Nada de plasmas, ni de juego de cubiertos, ni un auto, ni un viaje, ni siquiera un departamento. ¡Le regaló una carrera en el Campeonato Mundial de Motociclismo y nada menos que en Holanda, la más clásica de todas las citas!.  Un grande, aunque haya sido en la clase Moto 3, la menor de las categorías.

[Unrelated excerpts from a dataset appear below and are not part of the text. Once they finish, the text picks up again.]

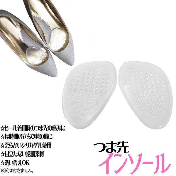 ■商品名 つま先インソール ■商品説明 長時間の歩行や立位のために足先にかかる不快な圧力を緩和する商品です。 足裏の痛みを防止し、滑り止めとしても効果があります。 2枚セット(1足分)の商品で、透明のクッション材なので、目立ちません。 パンプス、ミュール、ハイヒール、スニーカー、革靴、ビジネスシューズ、カジュアルシューズ、ブーツ等々、つま先部分に貼るだけでほとんどの靴に簡単にご利用頂けます。 靴に応じて様々な角度で使用することができます。 水洗いをすれば繰り返し使えるので衛生的です。 こんな方にオススメ ・長時間の歩行や立位のために足先に疲労を感じている方 ・大き目の靴を購入してしまった方 ・足裏の痛みが気になる方 ■商品詳細 ■商品名 つま先インソール ■サイズ フリー 縦:最長9.5cm 横幅:最長6.5.cm 厚さ:2.5mm (サイズが合わない場合はハサミで切って調整できます) ■カラー 透明色 ■素材 シリコン ■材質 ゴムに近く、柔らかい材質 ■商品内容物 ・つま先インソール左右1枚づつ ■注意事項 お肌に合わない場合は、ご使用をお止め下さい。 ■SEARCH WORD 革 靴 シューズ パンプス 通勤 ブーツ 中敷 パッド パット 保護 足 脚 指 つまさき つま先 インソール 中敷 ゴム シリコン 柔らかい 外反母趾 保護 ガード 男女 兼用 女性 男性 ポイント 消化 消費 靴 入れる
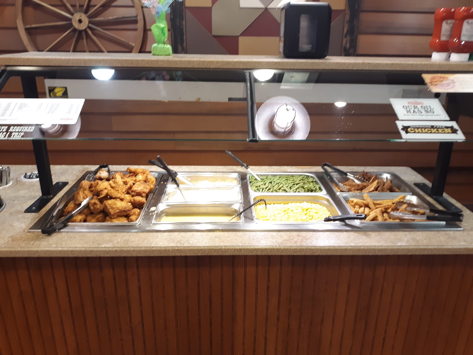 To describe the atmoshere, as Google requests, there was a table of high school boys in the middle of the seating area, and on the other side of the middle wall (me and the girlfriend decided to sit more or less in the corner, as far from the other patrons as we could) was a child watching or playing something out loud on a tablet. A child ran in front of me several times while I was getting my food, almost making me drop my plate. One of the first things I noticed once inside the restaurant was that the whole seating area smelled like a McDonald's PlayPlace. Someone nearly hit me with their pickup truck while parking.
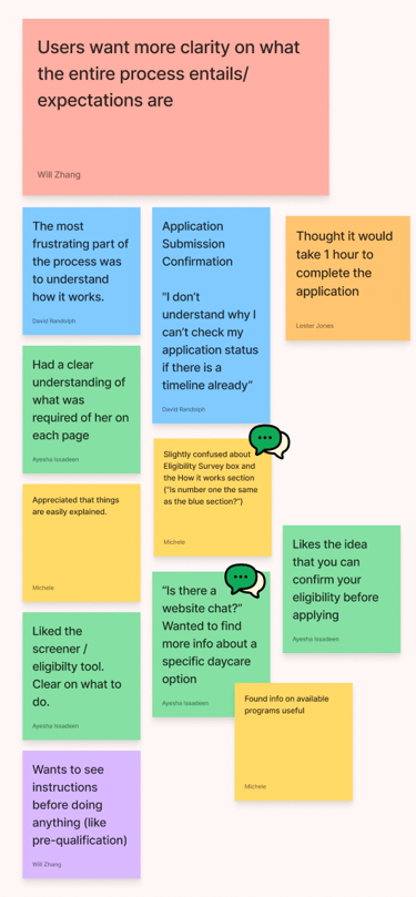 After interviewing and observing participants, and listening to their thoughts, we review the feedback notes and videos. Next, we decide how to go forward
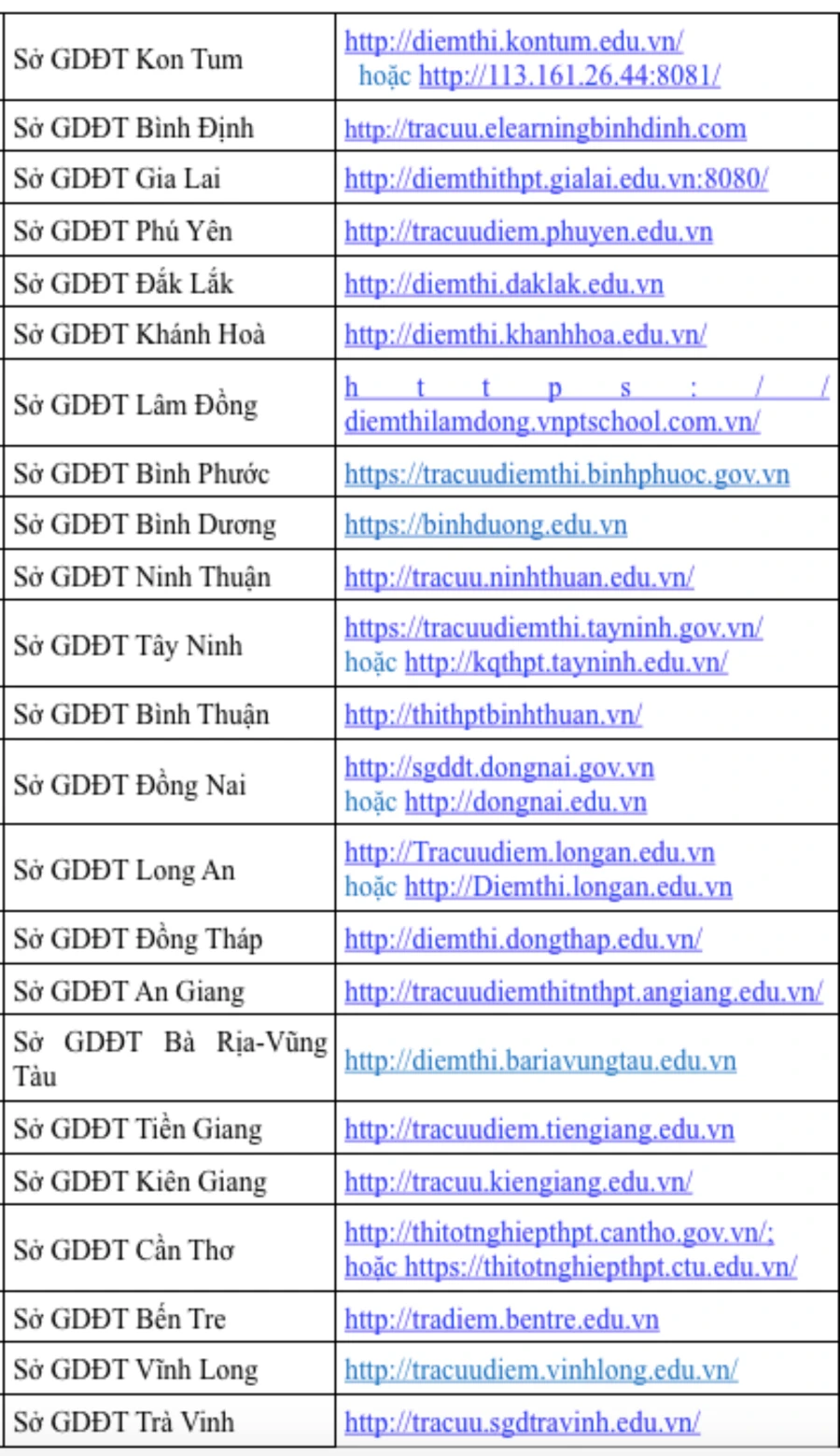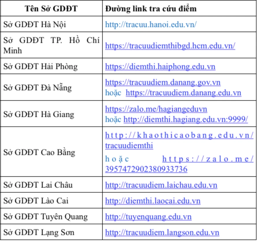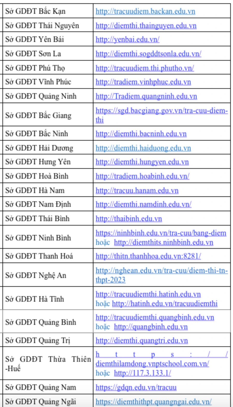 Cách 3: Thí sinh có thể tra cứu điểm thi theo hệ thống của các Sở GD&ĐT địa phương. Link tra cứu điểm thi tốt nghiệp THPT của 63 tỉnh, thành như sau:
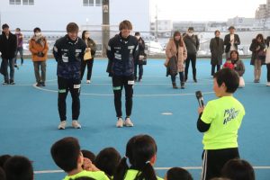 サッカー教室後には、選手への質問タイムやじゃんけん大会を行いました。

Ojo, si estás de novio, no te entusiasmes conque tu viejo pueda hacer lo mismo. Los Miralles no son improvisados en el motociclismo internacional. Julián padre corrió en el Mundial a fines de los 80 y principios de los 90. Con actuales 23 años, Julián hijo, el novio en cuestión, participó menos porque dos graves accidentes en Albacete y Mugello (estuvo a punto de perder una pierna) lo alejaron de las pistas y lo obligaron a una larga convalecencia. Pese a todo no se bajó de las motos porque  actualmente es probador del MIR Racing, el equipo de su padre, y corre en algunas carreras del certamen español.

«No corrí pensando en el resultado sino en disfrutar tan especial regalo «, declaró Miralles, tras llegar 26to., a 39s377 de su compatriota Maverick Viñales, ganador de la carrera.

Julián Miralles Rodríguez, tal su nombre completo, pudo correr gracias al uso de una invitación especial (wild card) y en homenaje a su padre que le regaló el Gran Premio sobre una moto de su construcción, lució un casco con una dedicatoria.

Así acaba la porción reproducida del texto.